From standing with the feet, hips with the part, if you’re looking from above again, the outside edges of the feet are parallel to each other.

Bend the knees and hinge at the hips and take that right leg back a little bit more than a meter.

It might be a little bit you’re going to have to adjust here a bit depending on your height or the length of the legs.

Allowing for that left knee to stay bent as you reach the right leg back, keep the upper torso hanging slightly forward here.

So the upper torso is more or less in line with that back leg.

Now there should be a hips width space between both feet, even though one leg is back.

So just check that alignment to make sure that that’s there.

And also don’t allow for the toes of that right extended foot to be pointing out to the side.

Keep the toes pointing forward.

So you might have to adjust the distance between the feet, depending on the tightness of your hand, or the tightness of the Achilles or tightness of the calf muscles.

You want the heel of that right foot to be flat to the floor as well.

You want to try and lower that left knee as much as possible, compensating again for the tightness in the back of that, the tightness or openness in the back of that right calf.

Again, if you try to get the legs a little bit further apart, great.

If not, just stay where it feels comfortable.

With the upper torso hanging forward in line with that back leg, draw the shoulders down once as you allow the arms to come and extend up in line with the spine.

And again, if your shoulders are tight, you can open the arms out a little bit to compensate for that.

So it’s kind of an external rotation out.
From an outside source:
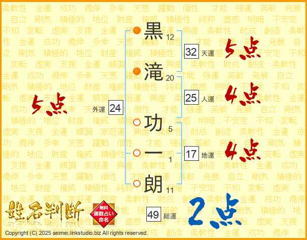 黒(12画)滝(20画) 功(5画)一(1画)朗(11画)
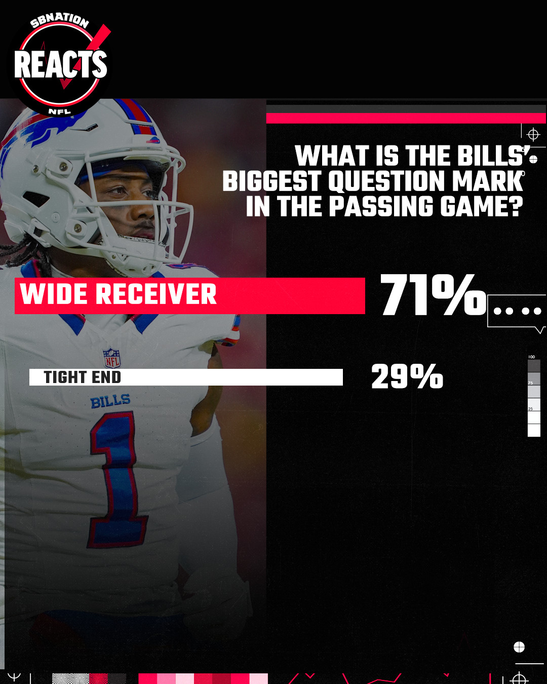 But which position among the two is Buffalo’s biggest question mark heading into training camp in late July? Based on Reacts votes, wide receiver is the biggest unknown, with 71% of voters voting that way, while just 29% see it tight end as the biggest question mark on offense. It’s true that the depth chart remains largely unchanged at tight end, but does the position truly feel settled? Are you ready to put all your chips in on the outcome of this survey?

But don’t flare into the chest as you do this.

Keep the chest neutral, the lower back neutral, and the spine entirely neutral here.

Now as you activate both legs away from each other here, start to move again from the chest forward and up in a circumlinear motion.

And you also start to feel how the rib cage mobilizes forward and lifts up as well too.

You can almost think that it’s a kind of a flaring of the chest forward as you lift, but don’t flare the chest open.

Try to move the chest forward and up.

The flaring of the rib cage just comes as a natural byproduct of that chest movement forward and up.

It’s not a forceful feeling.

You’re trying to essentially get the sternum and chest to come upright, but if you’re not able to achieve that level of mobility, you’re just moving it in that direction millimeters at a time being mindful of what your body is capable of doing.

To release here, first move the chest up and forward as you start to allow for the upper body to come back in line with that left leg, release the arms down, shift the weight to that left leg and step forward to relax.